0
votes

I have a simple column family 'Users'

    System.out.println("  read User");
    long timestamp = System.currentTimeMillis();
    clientA.insert(ByteBuffer.wrap("mike".getBytes()), new ColumnParent("Users"), 
            new Column(ByteBuffer.wrap("email".getBytes())).setValue(ByteBuffer.wrap("[email protected]".getBytes())).setTimestamp(timestamp)
            , ConsistencyLevel.ONE);

    clientA.insert(ByteBuffer.wrap("mike".getBytes()), new ColumnParent("Users"), 
            new Column(ByteBuffer.wrap("totalPosts".getBytes())).setValue(ByteBuffer.allocate(4).putInt(27).array()).setTimestamp(timestamp)
            , ConsistencyLevel.ONE);

    SlicePredicate predicate = new SlicePredicate();
    predicate.setSlice_range(new SliceRange(ByteBuffer.wrap(new byte[0]), ByteBuffer.wrap(new byte[0]), false, 10));

    ColumnParent parent = new ColumnParent("Users");

    List<ColumnOrSuperColumn> results = clientA.get_slice(ByteBuffer.wrap("mike".getBytes()), 
            parent, 
            predicate, 
            ConsistencyLevel.ONE);

    for (ColumnOrSuperColumn result : results) {
        Column column = result.column;
        System.out.println(new String(column.getName()) + " -> "+ new String(column.getValue())+", "+column.getValue().length);
    }

it returns

  read User
email -> [email protected], 14
totalPosts -> 

So totalPosts can't be read with the thrift client

with cassandra-cli

[default@test] get Users['mike']['totalPosts']; => (column=totalPosts, value=0000001b, timestamp=1336493080621) Elapsed time: 10 msec(s).

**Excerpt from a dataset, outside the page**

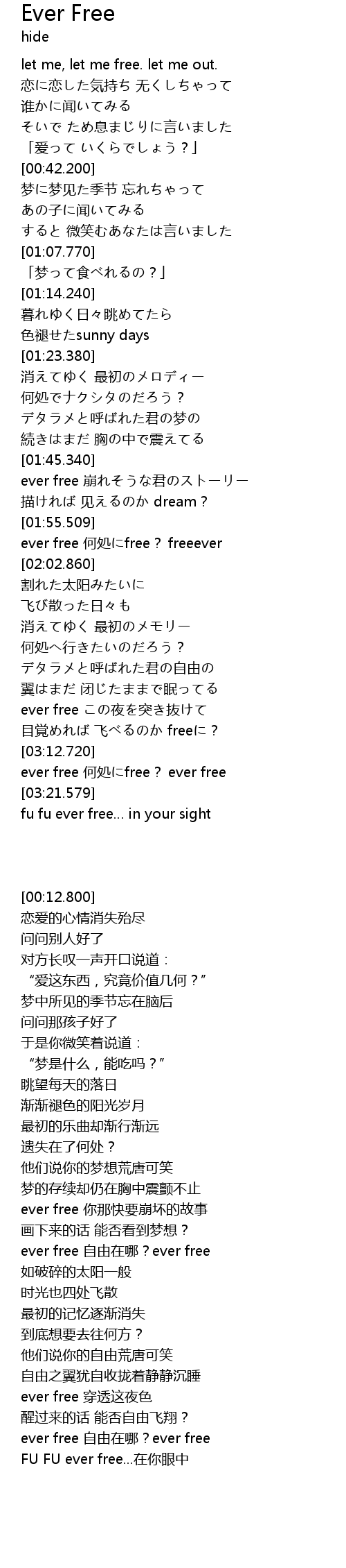 | [03:13.780] | ever free hé chǔ free? ever free |

How can I retrieve this Integer value with Java thrift client?

using cassandra 1.1

edit: it seems due to this part

for (ColumnOrSuperColumn result : results) {
        Column column = result.column;
        System.out.println(new String(column.getName()) + " -> "+Arrays.toString(column.getValue()));
    }

returns

email -> [109, 105, 107, 101, 64, 103, 109, 97, 105, 108, 46, 99, 111, 109]
totalPosts -> [0, 0, 0, 27]
1

1 Answers

0
votes

Your column values are being returned as bytes, the same way you're inserting them. So the value for the 'email' column is [109, 105, 107, 101, 64, 103, 109, 97, 105, 108, 46, 99, 111, 109], which interpreted as ascii is [email protected]. And the number 27 which you write into the ByteBuffer as [0, 0, 0, 27] (via the putint call) comes out the same way.

If you absolutely have to be using the raw thrift interface, you'll probably want to retrieve your totalPosts int using ByteBuffer.getInt(). But if at all possible, I recommend using a library to wrap around the ugliness of the thrift interface, which should take care of value serialization issues like this. Maybe look at Hector, or skip the old interface entirely and go straight to CQL with Cassandra-JDBC.